Improved Bayesian Regret Bounds for Thompson Sampling in Reinforcement Learning
This work provides foundational theoretical guarantees for Thompson Sampling in RL, addressing a key problem for researchers and practitioners in reinforcement learning and decision-making under uncertainty.
The paper tackles the problem of analyzing Bayesian regret bounds for Thompson Sampling in reinforcement learning, proving the first such bounds in multiple settings and achieving an upper bound of order O~(H√(d_l1 T)), with concrete bounds derived for tabular, linear, and finite mixture environments.

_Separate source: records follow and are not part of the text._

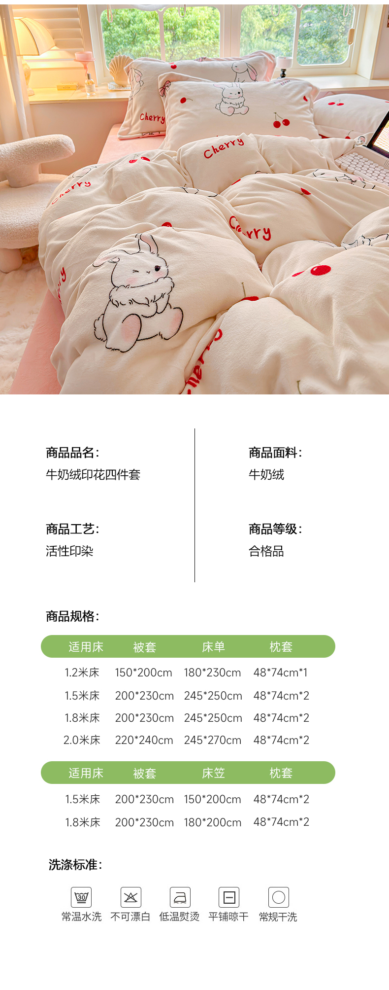 商品名称:呗旺鹿 2023新款高克重加厚印花牛奶绒四件套直播 樱桃兔
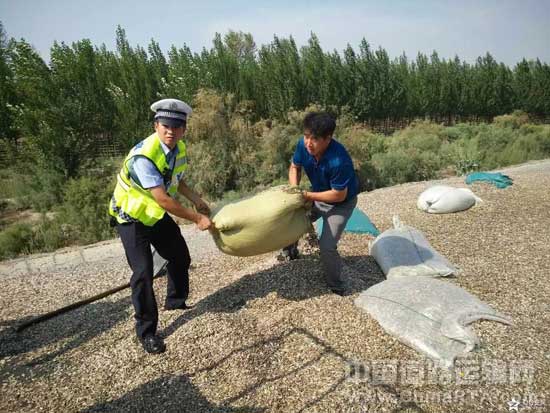 [内蒙古]葵花籽捆绑不牢撒一路 交警二话没说来帮忙(图文)
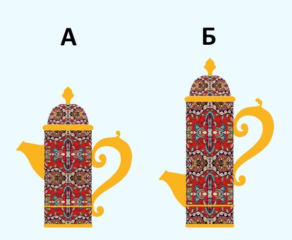 Чајникот под Б може да собере 16 шолји чај, бидејќи неговиот отвор се наоѓа на средина на чајникот под А. Остатокот од водата ќе почне да претекува.
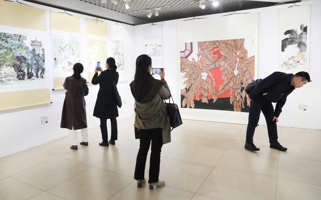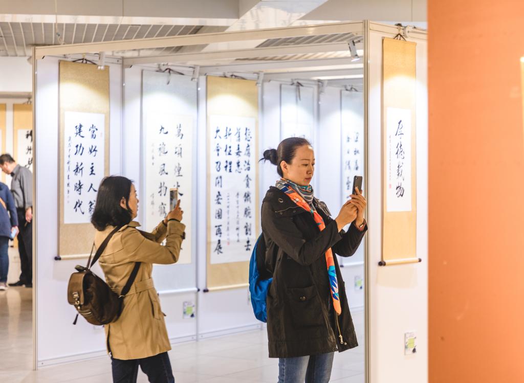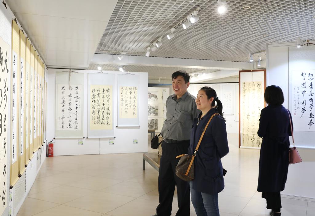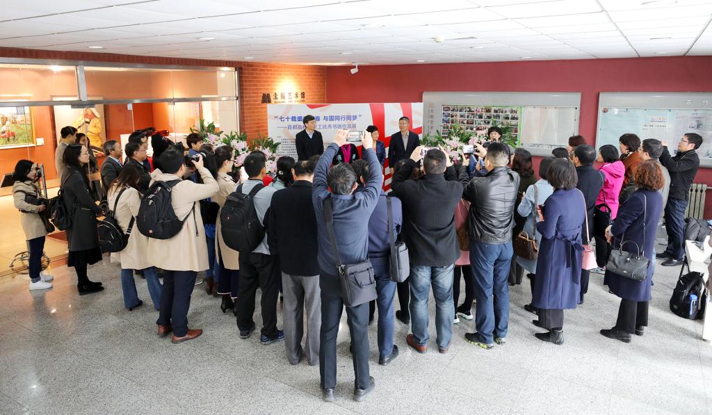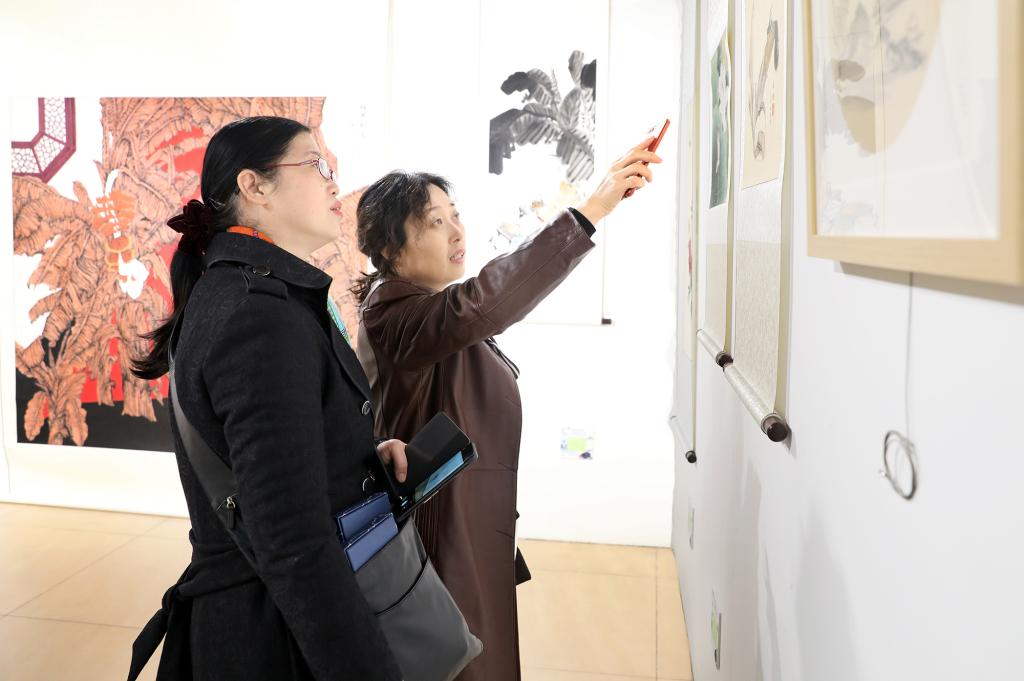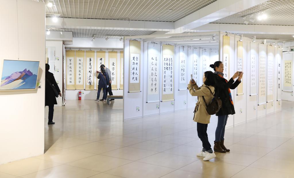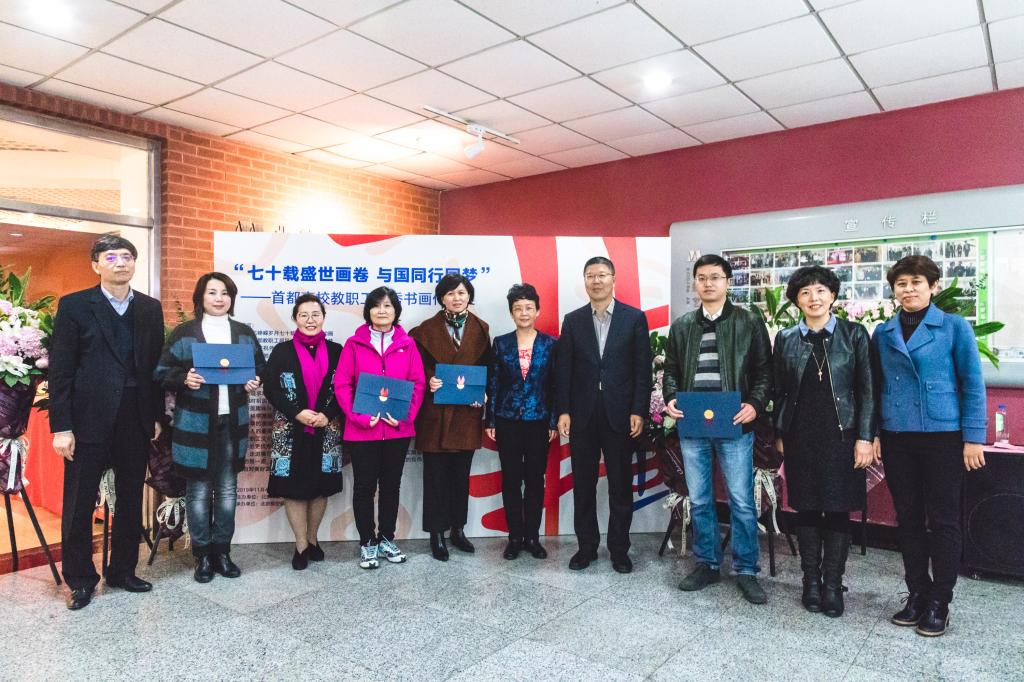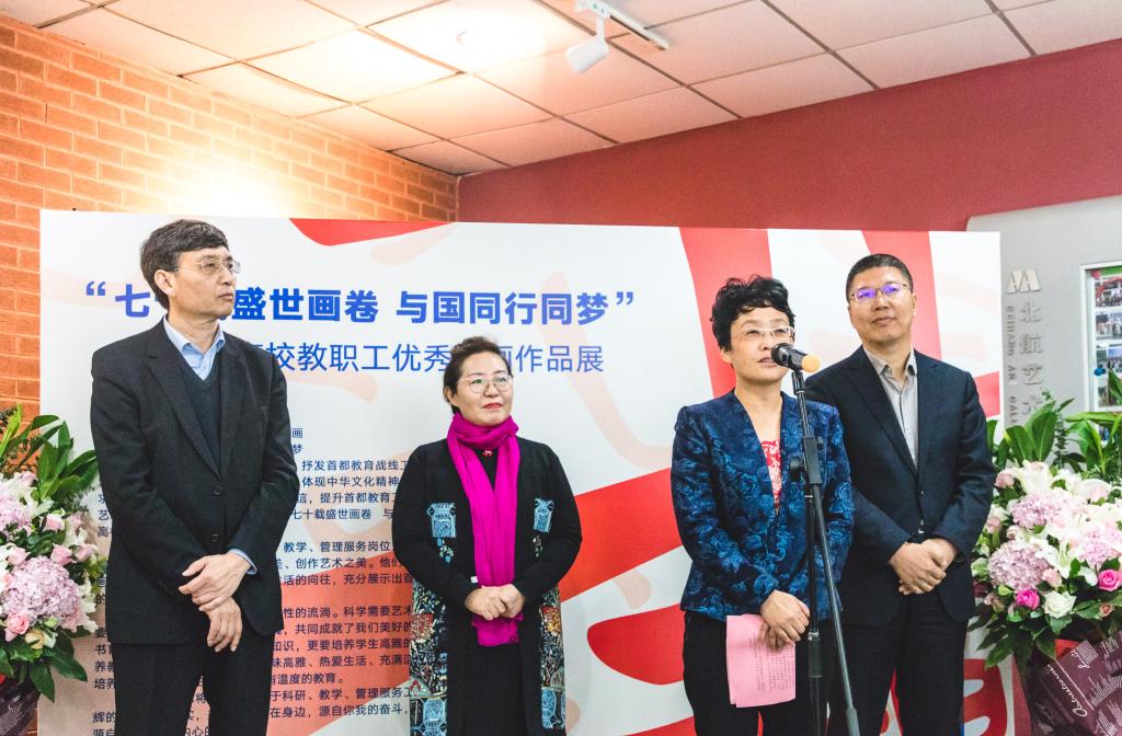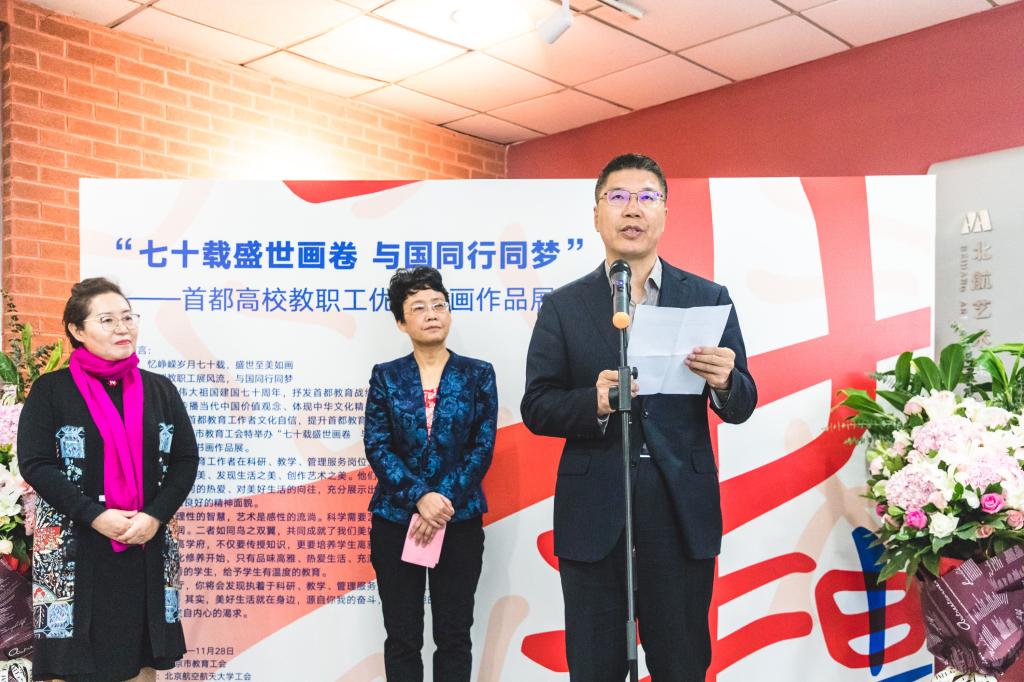 北航新闻网11月4日电(通讯员 张芳/文 记者 邸白鹭 田文浩/摄影) 11月4日下午,由北京市教育工会主办,北京航空航天大学工会承办的“七十载盛世画卷 与国同行同梦”——首都高校教职工优秀书画作品展在北航艺术馆开幕。北京市教育工会主席宋丽静,北航副校长刘树春,各高校工会常务副主席等50余人参加开幕式。

In this paper, we prove the first Bayesian regret bounds for Thompson Sampling in reinforcement learning in a multitude of settings. We simplify the learning problem using a discrete set of surrogate environments, and present a refined analysis of the information ratio using posterior consistency. This leads to an upper bound of order $\widetilde{O}(H\sqrt{d_{l_1}T})$ in the time inhomogeneous reinforcement learning problem where $H$ is the episode length and $d_{l_1}$ is the Kolmogorov $l_1-$dimension of the space of environments. We then find concrete bounds of $d_{l_1}$ in a variety of settings, such as tabular, linear and finite mixtures, and discuss how how our results are either the first of their kind or improve the state-of-the-art.